The Better Schools, Better Jobs (BSBJ) initiative has exactly two weeks to turn in at least 108,000 signatures to the secretary of state's office in order to have a ballot item placed on the 2015 statewide ballot that would require funding Mississippi schools.
BSBJ hopes that voters will choose to require the legislature to fund the Mississippi Adequate Education Program through a constitutional amendment.
The legislature has only fully funded the program twice after adopting it in 1997.
"We've gotten probably 183,000 signatures statewide, which may well be the most anybody's ever collected," said BSBJ's Patsy Brumfield.
Before the petition signatures are turned over to the secretary of state's office, they are checked at the local level through circuit clerks. Brumfield said this is to ensure that what they are handing over to the secretary of state for a second look is valid.
"The state wide requirement is about 108,000," said Brumfield. "Those are to be evenly distributed among the old five congressional districts, so that's about 22,000 signatures certified per congressional district."

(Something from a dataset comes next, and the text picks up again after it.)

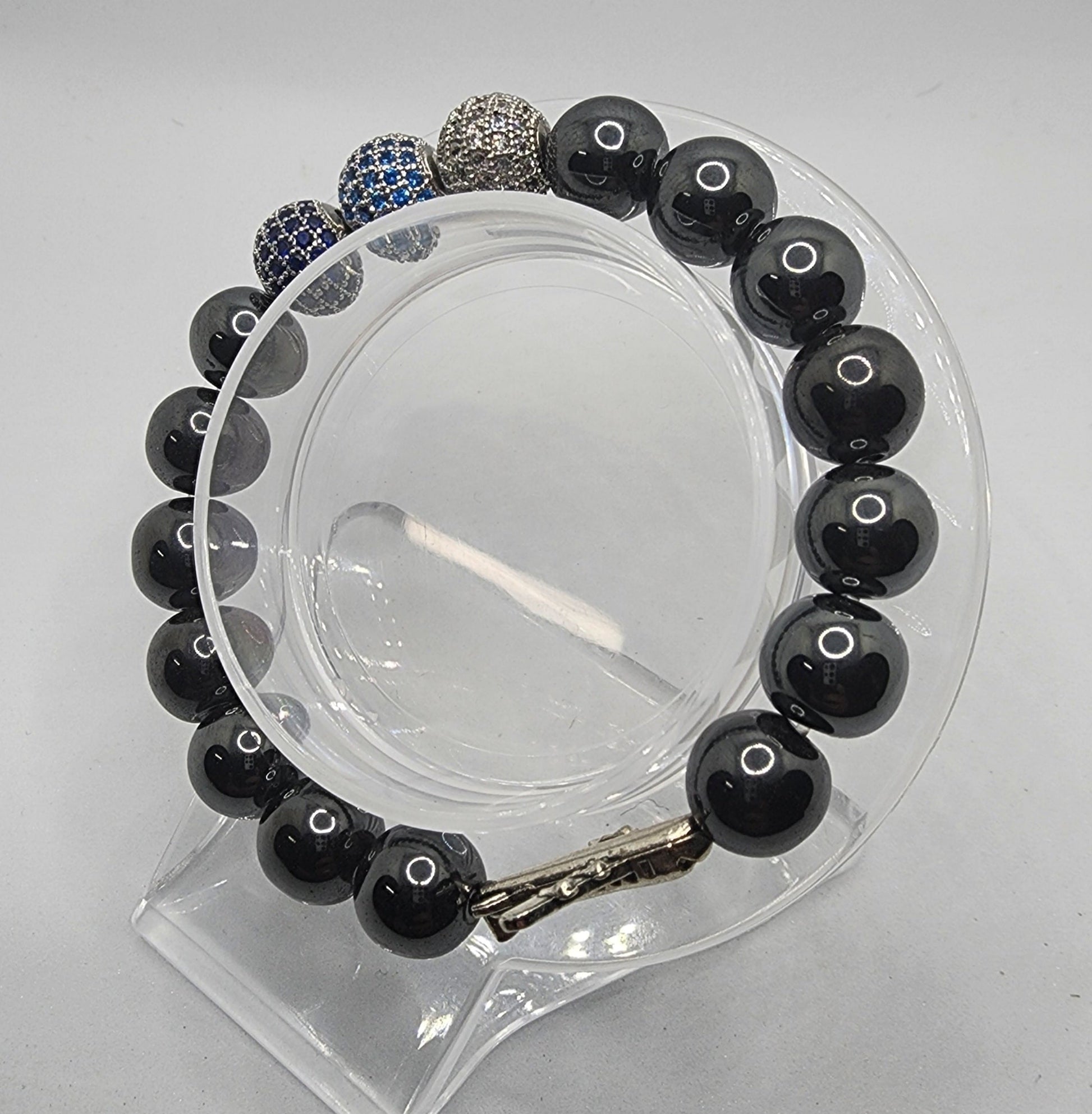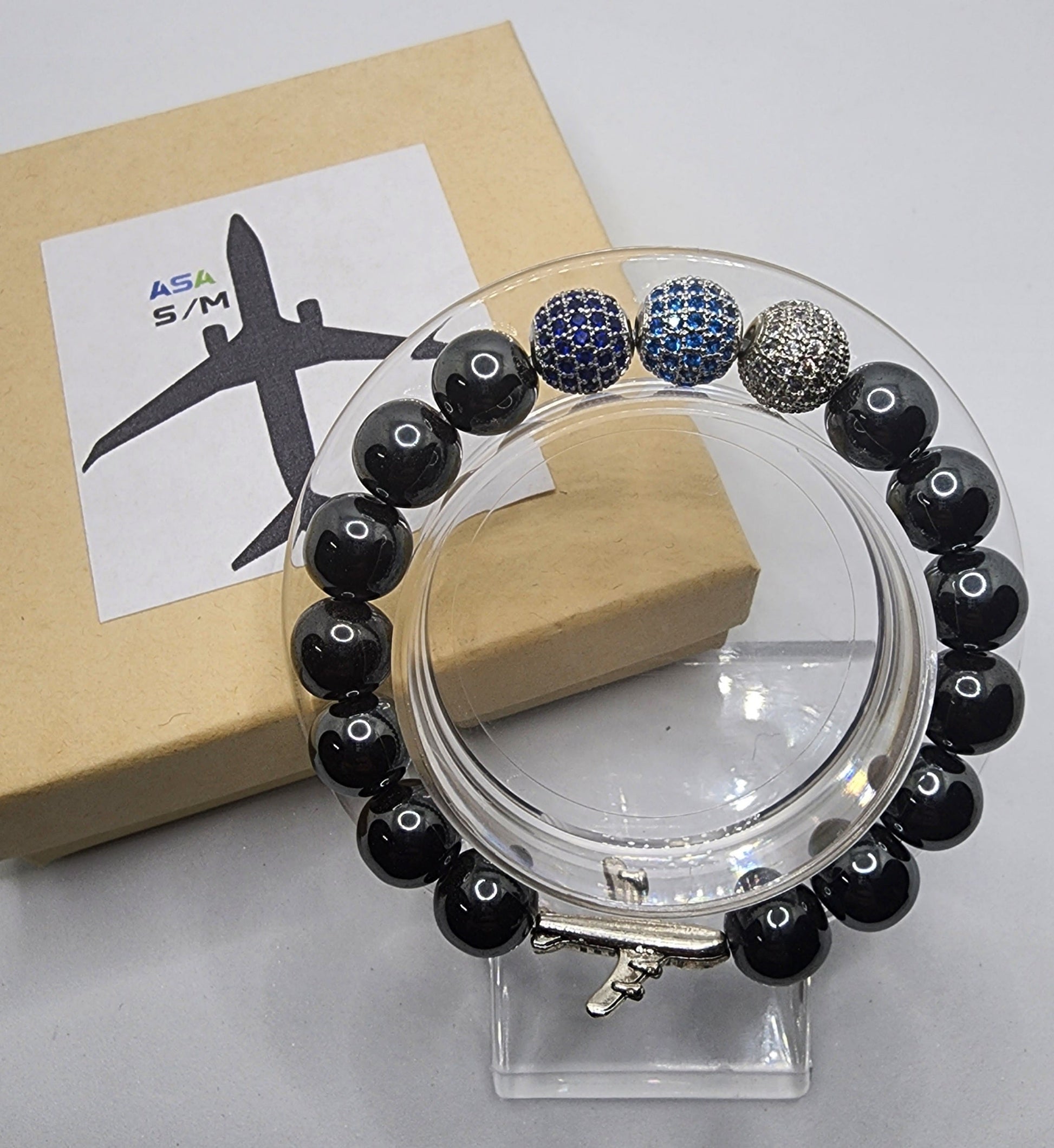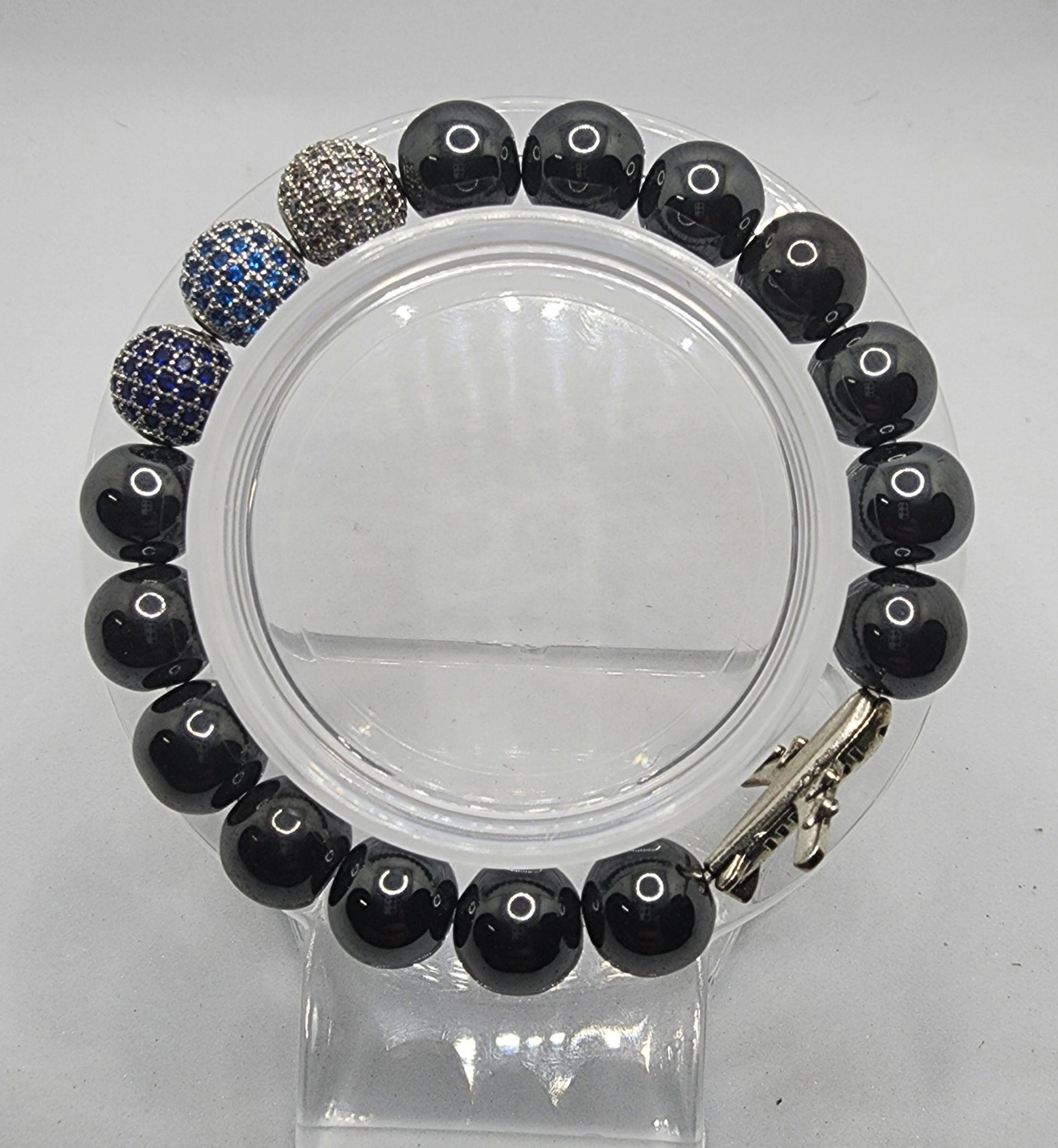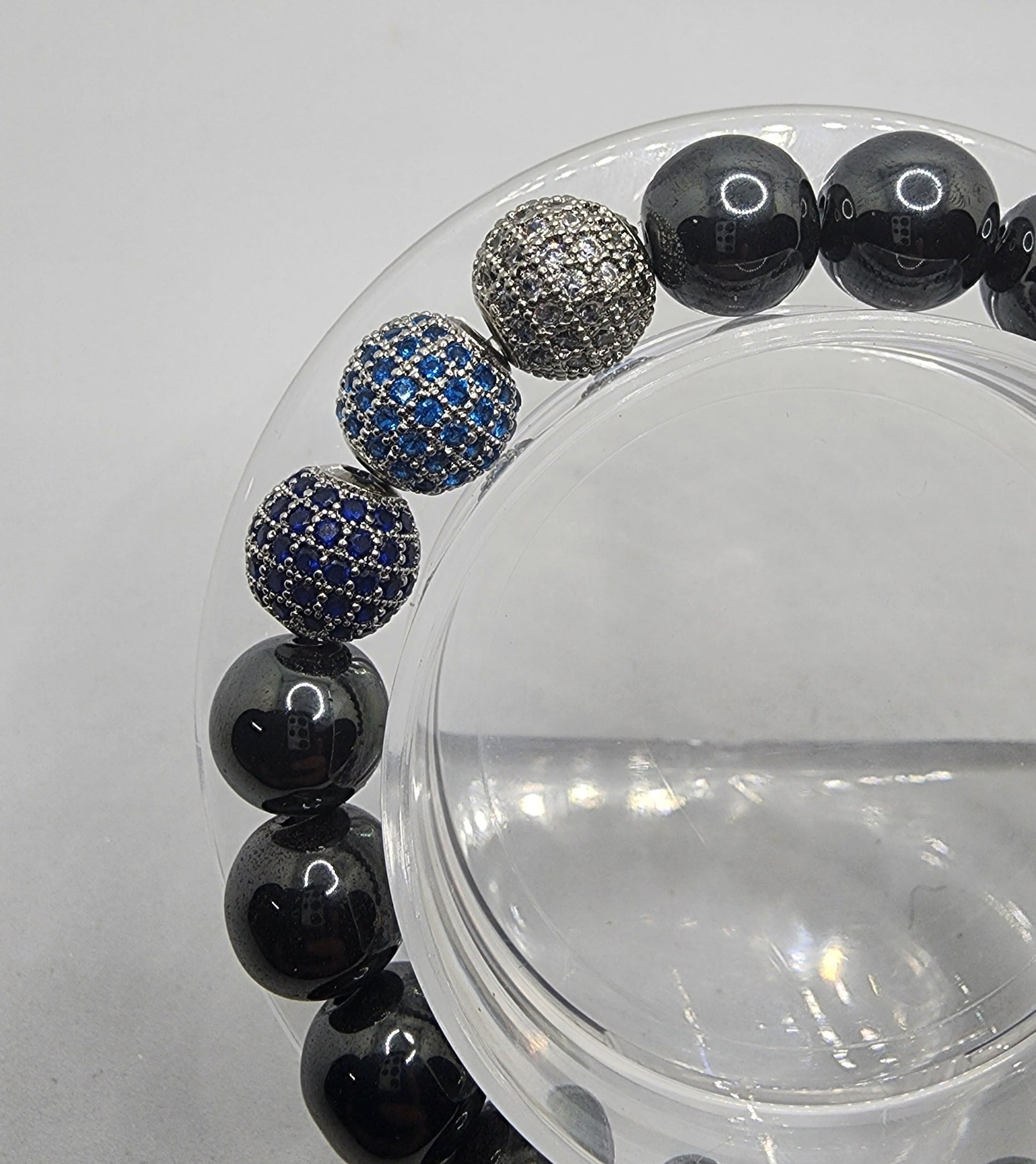 Made with Black Hematite Beads, 3 cubic Zirconia Crystal Beads, a Charm, and Super Strong Elastic Cord. All are handmade to order, comes in a cute bracelet box as well!

Brumfield said she is confident that the BSBJ initiative collected the required amount of signatures in each district.
A separate effort to fund MAEP is also in place, led by former Mississippi governor Ronnie Musgrove.
Musgrove's approach is a lawsuit against the state, which nineteen school districts across the state have joined. The lawsuit seeks refunding school districts for money they have lost since 2010 due to MAEP not being fully funded.